GlaxoSmithKline’s gene therapy Strimvelis for ultra-rare genetic diseases looks set to be funded under the UK National Health Service (NHS), after a positive verdict from the National Institute for Health and Care Excellence (NICE).
Strimvelis was approved by the European Medicines Agency (EMA) last year to treat severe combined immunodeficiency due to adenosine deaminase deficiency (ADA-SCID), commonly known as ‘bubble baby’ disease and leads to a lack of white blood cells called lymphocytes and an extreme susceptibility to infections.
Children born with the disorder typically die before school age if left untreated, with the standard therapy at present a bone marrow (stem cell) transplant from a donor.
The draft document from NICE’s evaluation committee concludes that Strimvelis “represents an important development in the treatment of ADA-SCID” and – while the results of the trials were uncertain because of low patient numbers – the panel “agreed that Strimvelis is a clinically effective treatment that improves survival”.
The gene therapy – the second to be approved in Europe – is intended for ADA-SCID patients who cannot be treated using a bone marrow transplant because they lack a suitable donor and because it uses a patient’s own cell it bypasses problems with transplants such as graft-versus-host disease (GVHD).

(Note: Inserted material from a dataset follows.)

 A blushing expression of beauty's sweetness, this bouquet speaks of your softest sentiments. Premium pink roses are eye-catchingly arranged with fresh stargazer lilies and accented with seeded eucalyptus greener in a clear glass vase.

It is estimated that around three babies a year are born with the disease in the UK, who would have to travel to Italy to receive the treatment as it is currently only available at Hospital San Raffaele Telethon Institute for Gene Therapy in Milan.

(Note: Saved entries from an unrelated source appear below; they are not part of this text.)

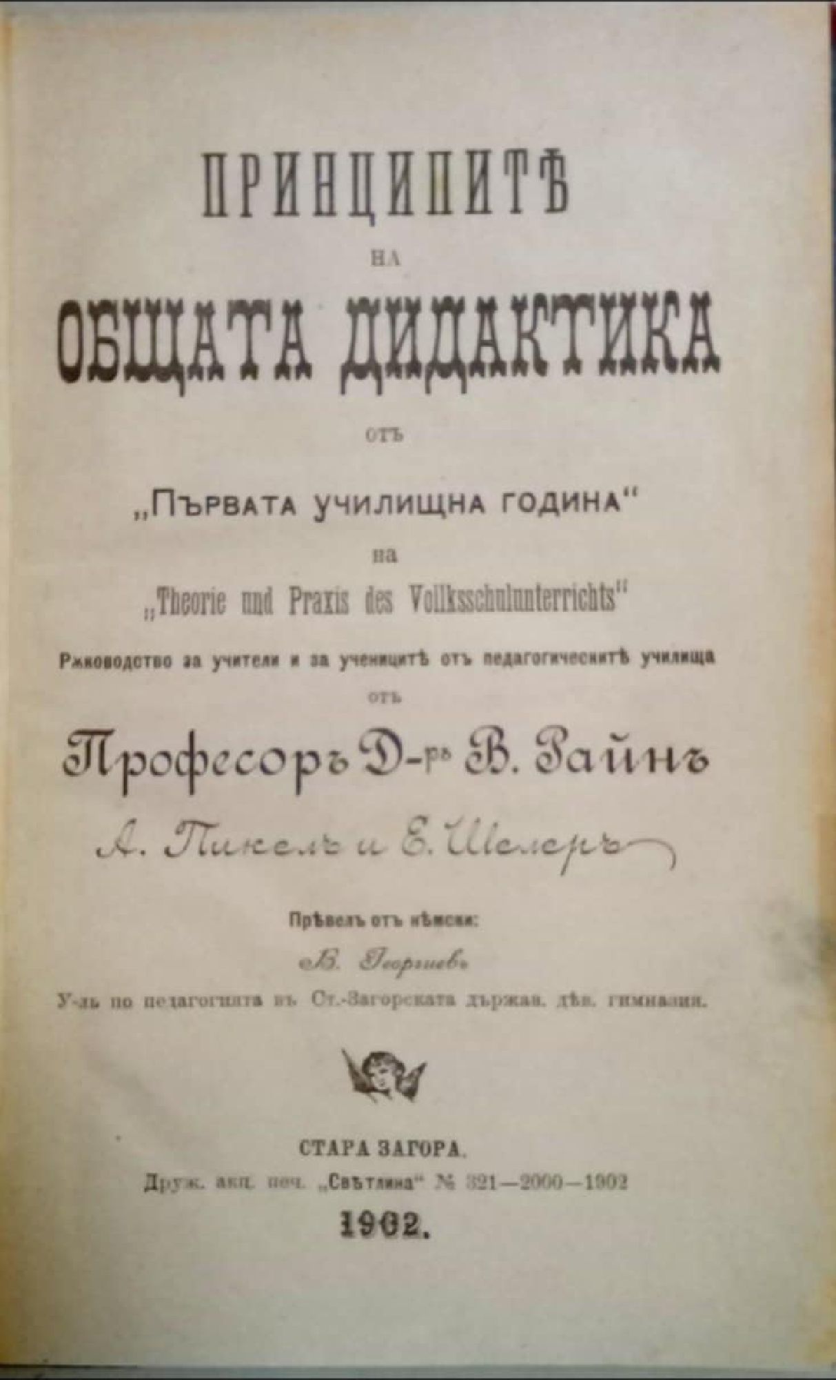 Принципите на общата дидактика отъ (от) "Първата училищна година" на "Theorie und Praxis des Volksschulunterrichts". Жертва
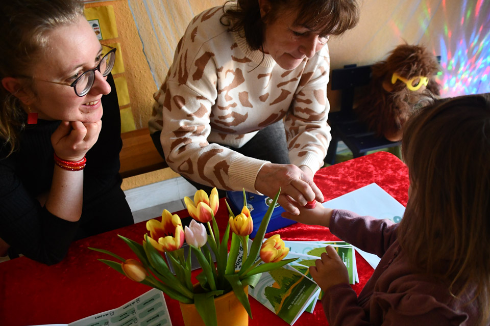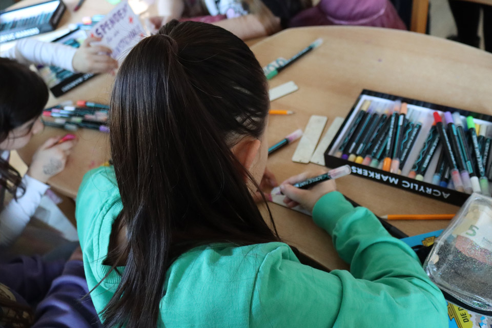 - Eine Bastelecke vom Kunsthaus, in der kreative und liebevoll gestaltete Lesezeichen entstanden
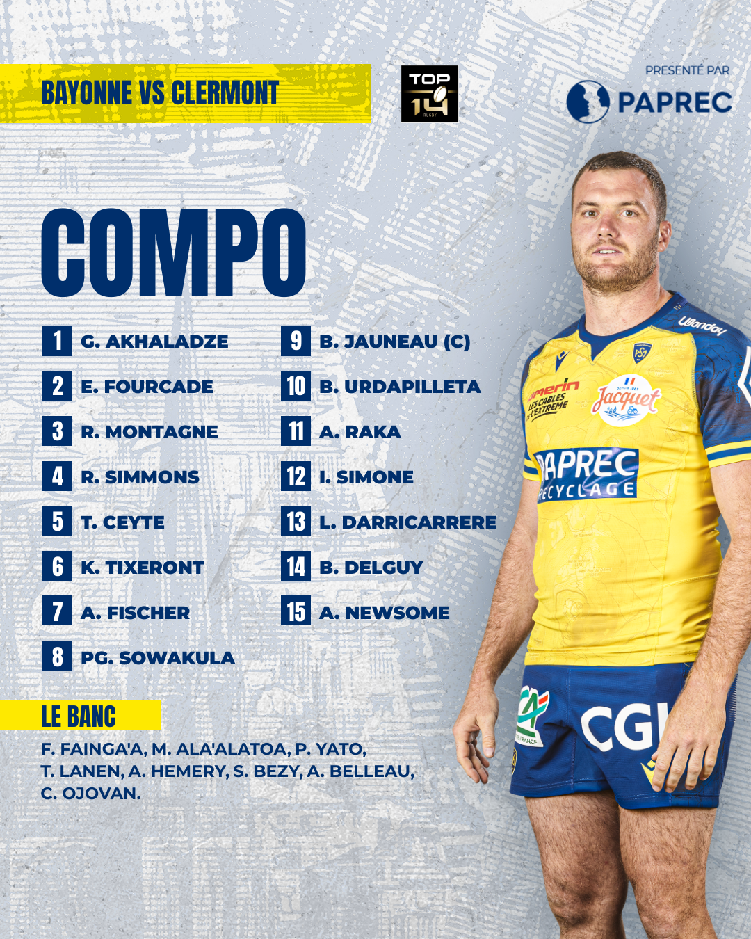 Christophe Urios a décidé de jouer la continuité en alignant le XV de départ victorieux à Montpellier pour disputer ce barrage face à l’Aviron Bayonnais. Un seul changement intervient dans le groupe puisque Michael Ala’Alatoa remplace Mathéo Frisach, légèrement touché à un adducteur dans l’Hérault.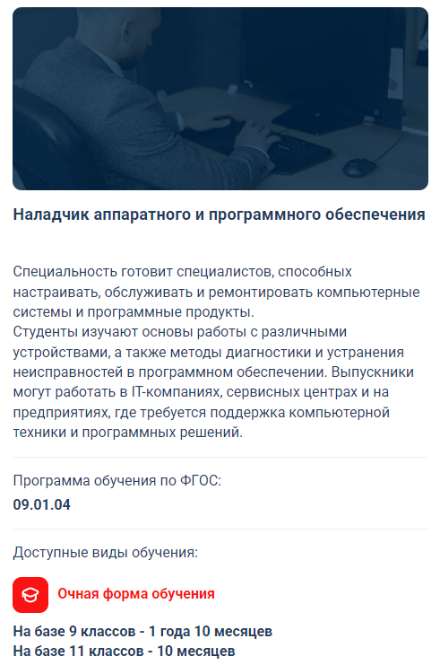 >>1079993 >Вы в курсе что за один год и 40 тысяч рублей можете получить средне-специальное образование анальника А нахуя оно нужно? У меня одноклассник пошел в наше мухосранское ПТУ "колледж" учиться на программиста, закончил, отслужил в армии, потом работал где попало на стройках, на шиномонтажке, на заводе, нигде долго не задержался, в 2022 году уехал на СВО и там где-то остался навсегда.

That means the NHS would have to pick up the tab for the therapy itself – which costs €594,000 (around £505,000) ex-VAT per treatment – as well as Italian travel and hospitalisation costs and the committee has said it will be important that “uncertainty associated with cross-border commissioning would be minimised”. NICE estimates that one patient per year would be eligible for the treatment.
The document also points to additional, indirect benefits from the therapy. “Because Strimvelis reconstitutes the immune system, it could enable children with the condition to be educated at
school and for carers of people with the condition to return to work” and this would lead to “cost savings and benefits with Strimvelis incurred outside the NHS and personal and social services”.